Шрифт:
Интервал:
Закладка:
А что война значила для отца? Дика убили, это конечно. Но он уж особенно и не любил Дика — да, так иногда казалось. Нет, ничего такого исключительного война не значила для отца, и, даже когда бомбили Париж, он не отказался от своих удлинявшихся год от году прогулок до Чертова Локтя и дальше, дальше, болотами, к Глоссопу, и — в карете, полной сигарным дымом, гарью от подпаленной полости, руганью Кента, — назад, к разогретому обеду в четверть четвертого. Чай с пирожками в полпятого. Вечерами, на чердаке, чтение бесконечных романов Гая Бутби, Уильяма де Ке, Филипа Опенгейма и тому подобных шедевров. Сидит иногда часами, держит книжку вверх тормашками, уставится в нее и сопит. Но почему-то они быстро кончались. Потом, полистав страницы, ты, конечно, среди них обнаружишь слюнявую табачную жвачку.
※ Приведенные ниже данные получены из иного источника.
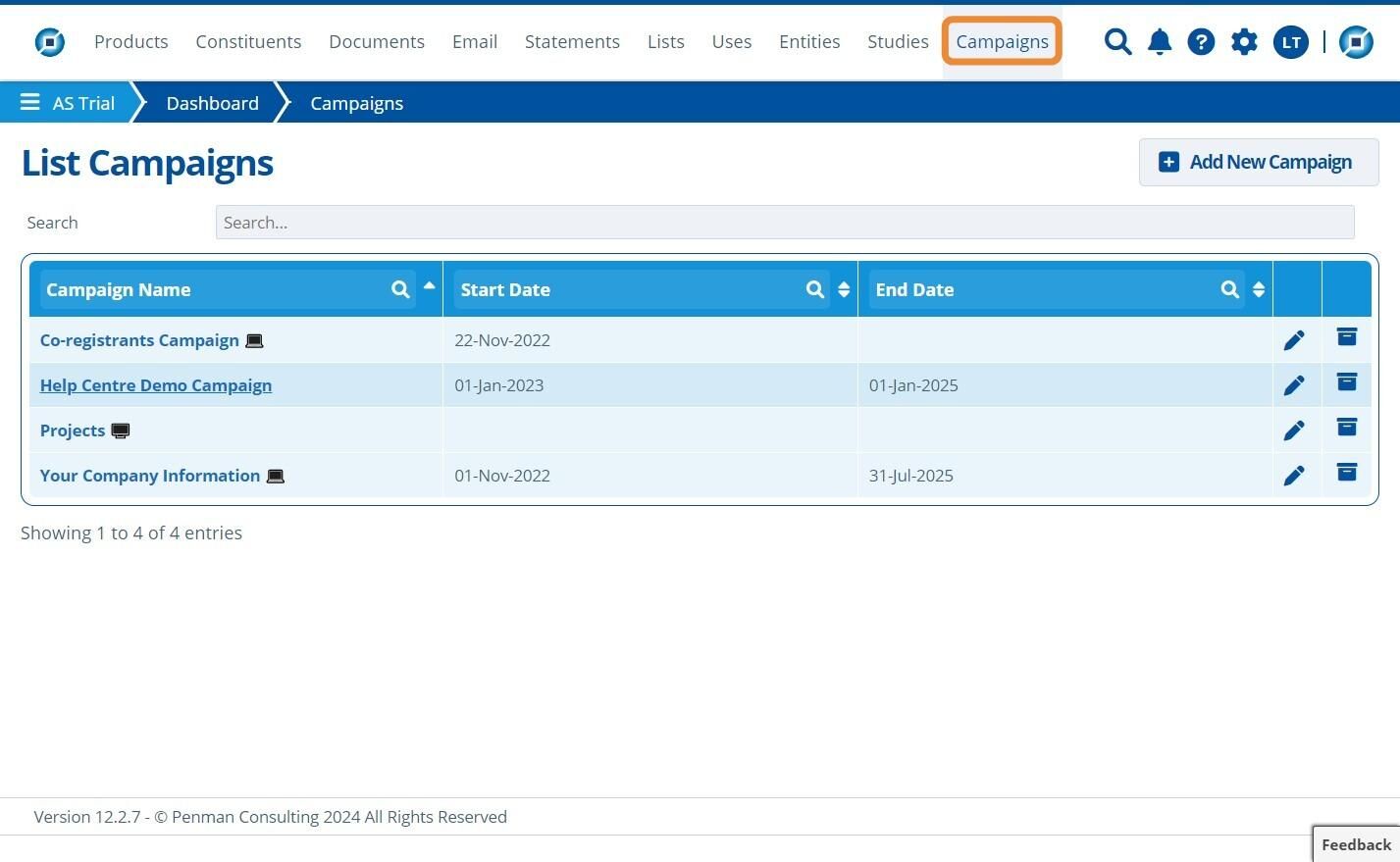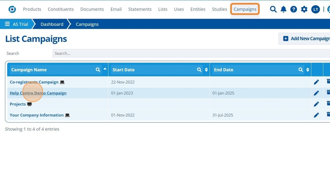 1. 👆 Navigate to Campaigns 👉 Select the campaign of interest from the list.¶

Отец, как Кент выражается, «сыро курит». На вот эти романы, этот табак, сигары, на дурацкие и дорогущие подарки внукам — раз подарил Эрику заводного лебедя, кружил и кружил без конца в жестяном тазу, — на несуразные чаевые, счета бакалейщику, просто сквозь дыры в карманах он, ну буквально не верится, ухитрялся ухлопывать по две тысячи в год. Ничего, как-никак я из него выудила эти деньги на обучение Мориса — Слава Тебе Господи.
Конечно, это жестоко по отношенью к отцу, что он так редко видает Мориса — любимчика-внука. Но до того было тошно водить детей в Холл. И не то чтоб Лили возникала, нет конечно. Иногда отец сам приходил пообедать в Гейтсли, и все время Морис его ублажал, показывал карточные фокусы, объяснял, как часы в столовой работают, приставал: «Дед, а что бы ты сделал, если б оказался ночью в лесу, один, без еды и без спичек?» — и размахивал у него перед носом крикетной битой. Куда уж теперь отцу — такие забавы. Можно бы их одних посылать, но они не любят. Им бы все толочься на своей территории, Морису особенно. Я его не виню. Привычка уже такая — почти ни в чем не винить Мориса, а зря, ничего, конечно, хорошего. Чересчур он очаровательный, Морис. И как часто Десмонд мерещится за тем, как он улыбается, режет хлеб, взбегает по лестнице, пересказывает, кто что говорил. Это — как объяснение фокуса. Смотришь на сына и думаешь — да, вот что меня обворожило в твоем отце, вот это, это и то. Купилась, правда, в жизни единственный раз, зато могу оценить мудрость природы. Могу оценить Мориса. Сегодня с утра, кстати, просто не стала настаивать, чтоб он тоже пошел. И ведь можно бы сообразить, что Лили заметит — и выскажется. А, да пусть себе замечает, с высокой горы плевать. Ну какое отношение к Морису эта служба имеет? Причем тут Морис? И Энн, кстати, тоже. Но Энн — дело другое, эта вся в мать. Кому-то, мужчине какому-то, будет хорошей женой, подумала Мэри, и тут ее зло взяло на мужчин. Но уж я пригляжу, во всяком случае, чтобы это не оказался какой-нибудь Десмонд.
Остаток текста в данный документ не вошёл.